Question

1. -/1 points use implicit differentiation to find an equation of the tangent line to the curve at the given point. y sin(12x) = x cos(2y), (π/2, π/4)

Explanation:

Step1: Differentiate both sides

Differentiate $y\sin(12x)=x\cos(2y)$ with respect to $x$ using product - rule and chain - rule.
The product - rule states that $(uv)^\prime = u^\prime v+uv^\prime$.
For the left - hand side:
The derivative of $y\sin(12x)$ with respect to $x$ is $y^\prime\sin(12x)+y\cdot12\cos(12x)$ (using $(uv)^\prime = u^\prime v + uv^\prime$ where $u = y$ and $v=\sin(12x)$).
For the right - hand side:
The derivative of $x\cos(2y)$ with respect to $x$ is $\cos(2y)+x(- 2\sin(2y)y^\prime)$ (using $(uv)^\prime=u^\prime v + uv^\prime$ where $u = x$ and $v=\cos(2y)$).
So we have $y^\prime\sin(12x)+12y\cos(12x)=\cos(2y)-2x\sin(2y)y^\prime$.

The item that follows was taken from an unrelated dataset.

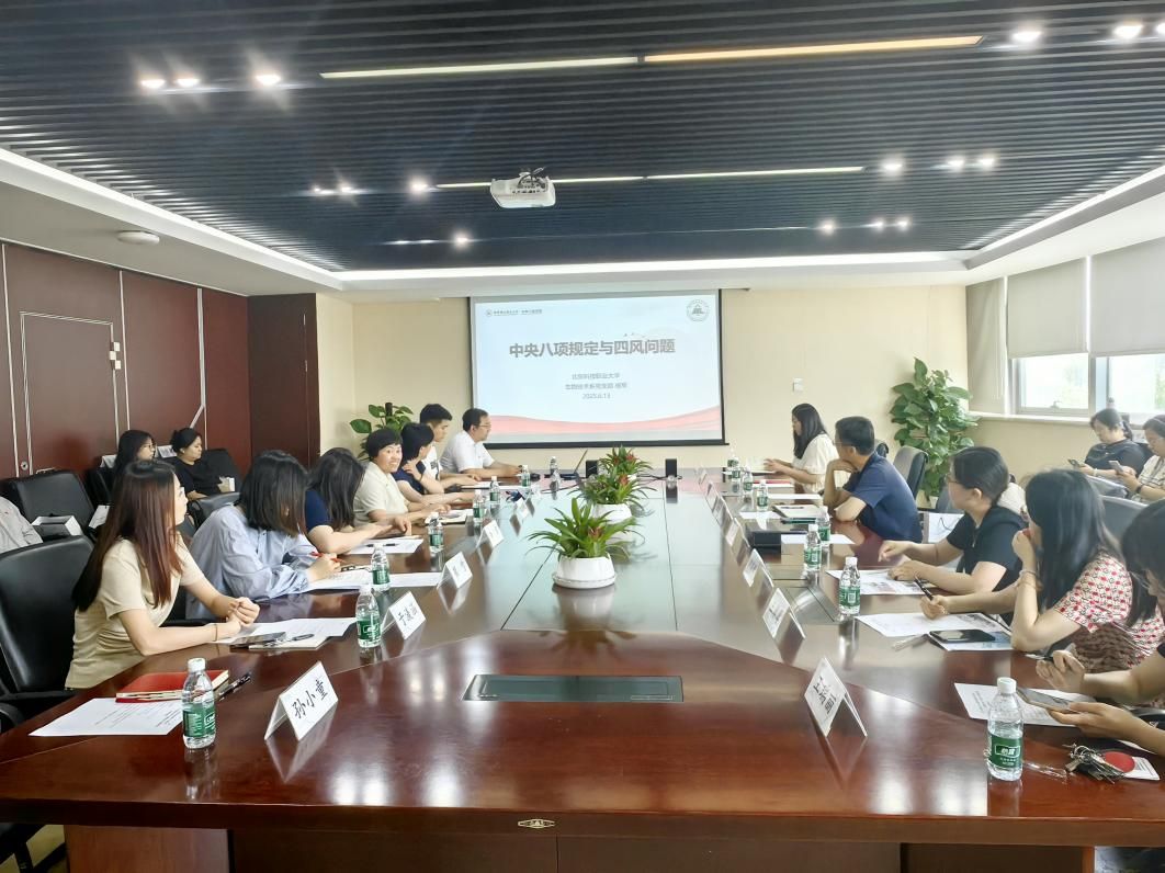 在理论学习专题活动中,北京科技职业大学生物技术系党支部书记杨军以“深入贯彻中央八项规定精神学习教育”为主题,为全体党员上了一堂生动而深刻的党课。党课中,书记深入解读了中央八项规定的核心要义,强调了廉洁自律在日常工作和生活中的重要性,进一步提升了党员们的廉洁意识和党性修养。通过杨军书记的深入讲解,大家对中央八项规定精神有了更透彻的理解,也更加明确了廉洁自律在日常工作和生活中的重要意义,进一步提升了党员们的廉洁意识和党性修养,激励着大家在今后的工作与生活中,以更高的标准严格要求自己,将中央八项规定精神内化于心、外化于行,以实际行动为党旗增光添彩 。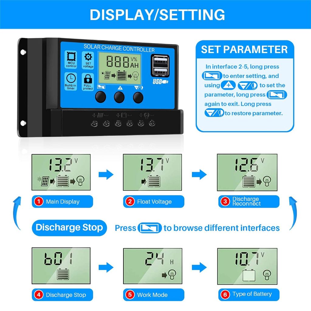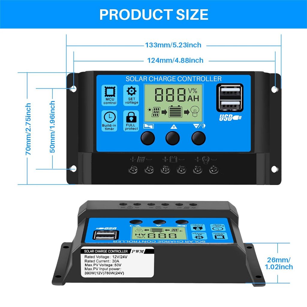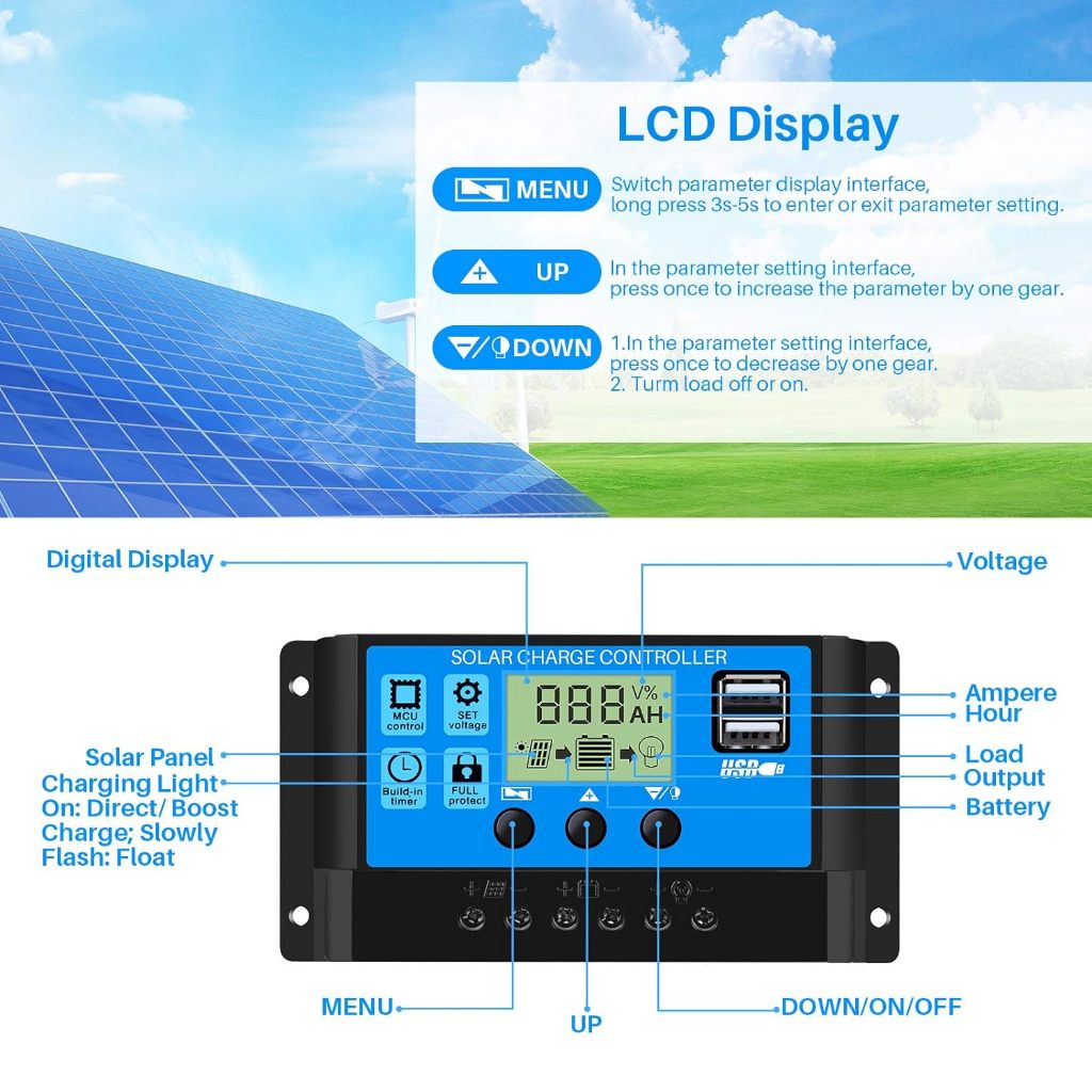 Y&H Solar Charge Controller 10A/20A/30A PWM 12V/24V Battery Regulator Solar Panel Controller LCD Display with Dual USB Port

Step2: Solve for $y^\prime$

Rearrange the terms to isolate $y^\prime$:
$y^\prime\sin(12x)+2x\sin(2y)y^\prime=\cos(2y)-12y\cos(12x)$.
Factor out $y^\prime$: $y^\prime(\sin(12x)+2x\sin(2y))=\cos(2y)-12y\cos(12x)$.
Then $y^\prime=\frac{\cos(2y)-12y\cos(12x)}{\sin(12x)+2x\sin(2y)}$.

Step3: Evaluate $y^\prime$ at the given point

Substitute $x = \frac{\pi}{2}$ and $y=\frac{\pi}{4}$ into $y^\prime$:
$\sin(12x)=\sin(12\times\frac{\pi}{2})=\sin(6\pi)=0$,
$\cos(12x)=\cos(6\pi)=1$,
$\sin(2y)=\sin(2\times\frac{\pi}{4})=\sin(\frac{\pi}{2}) = 1$,
$\cos(2y)=\cos(\frac{\pi}{2})=0$.
$y^\prime=\frac{0 - 12\times\frac{\pi}{4}\times1}{0+2\times\frac{\pi}{2}\times1}=\frac{- 3\pi}{\pi}=-3$.

Step4: Find the equation of the tangent line

The equation of a line in point - slope form is $y - y_1=m(x - x_1)$, where $(x_1,y_1)=(\frac{\pi}{2},\frac{\pi}{4})$ and $m=-3$.
$y-\frac{\pi}{4}=-3(x - \frac{\pi}{2})$.
Expand: $y-\frac{\pi}{4}=-3x+\frac{3\pi}{2}$.
Solve for $y$: $y=-3x+\frac{3\pi}{2}+\frac{\pi}{4}=-3x+\frac{6\pi + \pi}{4}=-3x+\frac{7\pi}{4}$.

Answer:

$y=-3x+\frac{7\pi}{4}$